Scan the records beneath this line for the line holding "삼성 무풍에어컨이 국내" and the line holding "Una giornata di", then transcribe exactly those two and all lines between.

Excerpted data »
/---

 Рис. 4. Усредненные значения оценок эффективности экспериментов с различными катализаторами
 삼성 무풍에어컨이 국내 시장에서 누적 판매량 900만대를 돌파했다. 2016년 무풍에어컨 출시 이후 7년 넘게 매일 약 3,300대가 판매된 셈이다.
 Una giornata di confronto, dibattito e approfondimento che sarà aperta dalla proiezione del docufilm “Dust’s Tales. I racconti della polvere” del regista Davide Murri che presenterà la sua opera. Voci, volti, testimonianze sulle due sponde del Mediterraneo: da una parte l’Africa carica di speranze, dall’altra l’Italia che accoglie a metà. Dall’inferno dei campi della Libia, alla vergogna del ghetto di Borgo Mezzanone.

\---
/---

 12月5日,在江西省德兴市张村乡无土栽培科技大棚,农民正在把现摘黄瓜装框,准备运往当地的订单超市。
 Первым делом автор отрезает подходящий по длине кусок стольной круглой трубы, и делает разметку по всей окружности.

\---

Written solution »
 삼성 무풍에어컨이 국내 시장에서 누적 판매량 900만대를 돌파했다. 2016년 무풍에어컨 출시 이후 7년 넘게 매일 약 3,300대가 판매된 셈이다.
 Una giornata di confronto, dibattito e approfondimento che sarà aperta dalla proiezione del docufilm “Dust’s Tales. I racconti della polvere” del regista Davide Murri che presenterà la sua opera. Voci, volti, testimonianze sulle due sponde del Mediterraneo: da una parte l’Africa carica di speranze, dall’altra l’Italia che accoglie a metà. Dall’inferno dei campi della Libia, alla vergogna del ghetto di Borgo Mezzanone.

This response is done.